Conway’s firm, the Polling Company, sent the Judicial Education Project a $25,000 bill that day. Per Leo’s instructions, it listed the purpose as “Supplement for Constitution Polling and Opinion Consulting,” the documents show.

Conway ran to Fox to defend herself, of course, and when asked about the scandal, served up a big heaping helping of whataboutism and also failed to respond to why they felt it was necessary to hide where the money was going:

In total, Conway’s Polling Company paid Thomas’s Liberty Consulting firm $80,000 between June 2011 and June 2012, according to the Post. It was expected to pay another $20,000 by the end of 2012.

Conway said Friday that Thomas was one of her contractors, emphasizing Thomas’s long history of involvement in the conservative movement.

“[Thomas] had worked with the Heritage Foundation. She was part of the grassroots, is part of the grassroots. She had worked in the Reagan administration,” Conway told Fox News. “This is a serious person who for years had worked in public policy.”

“And at the Polling Company, we did public opinion research and data analytics,” she added. “We had no business before the court.”

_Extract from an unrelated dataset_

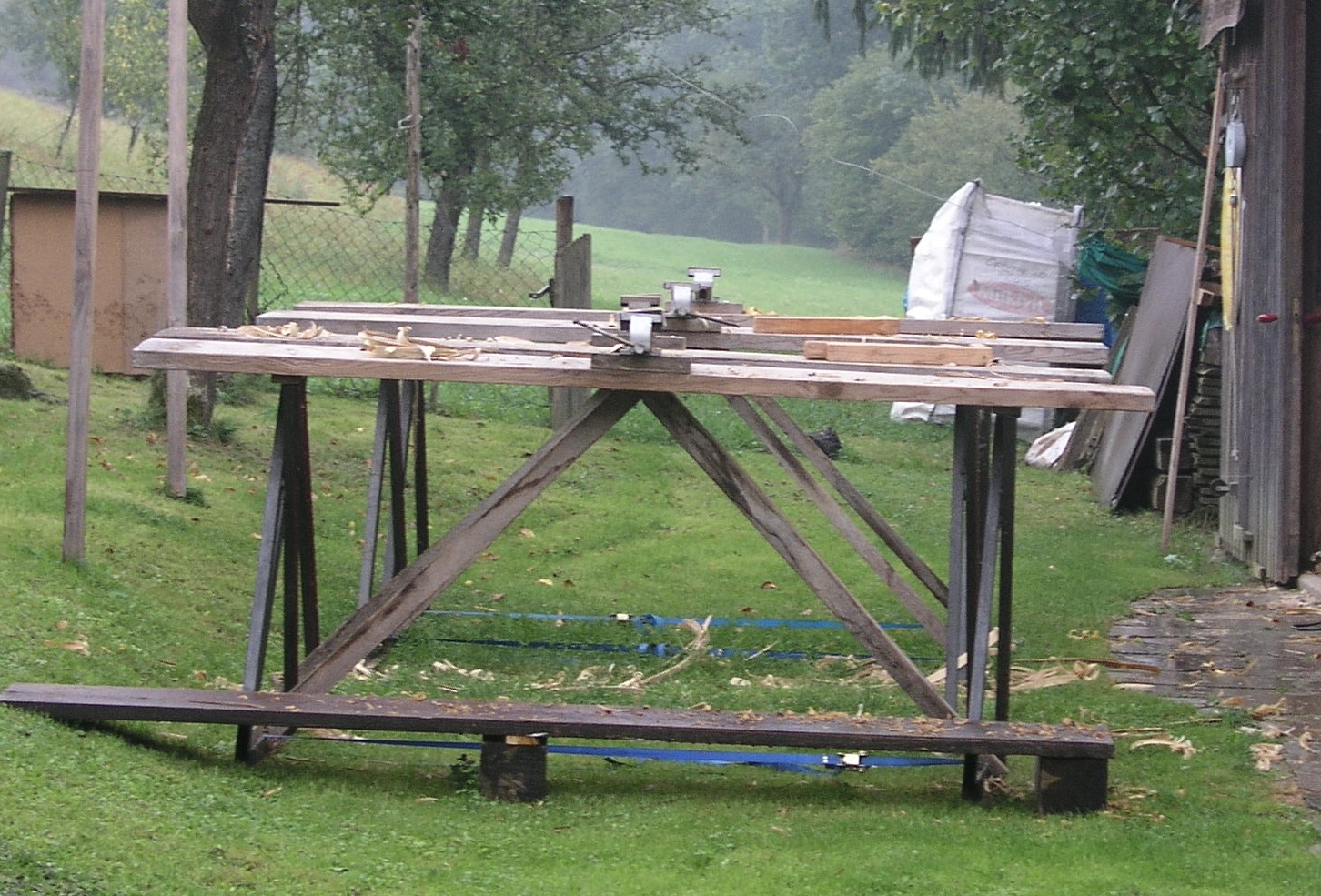 Ich geb meine Arbeitsplätze her. Diele, geschweißte C50 Profile als Auflage der Diele, 2 Diagonale Verstrebungshölzer, lediglich zum unteren Spannen braucht’s einen neuen Spanngurt. Der Schraubstock wird mittig aufgeschraubt und beide Auflager der WA‘e sind mit ner Schraubzwinge variabel.

The Judicial Education Project, however, filed an amicus brief with the Supreme Court later in 2012, according to the Post.

Conway followed that with attempting to conflate what happened with Thomas to Justice Sotomayor having a book deal and not recusing herself from a case involving the company. Elie Mystal did a great job of knocking that nonsense down on Twitter.

Sotomayor may not have recused herself from the case, but she did disclose the payments and wasn't trying to hide them. If ConJob wants to get into the long list of cases that these judges should be recusing themselves from, I'm fairly sure the list for Thomas is a lot longer than the list for the rest of them.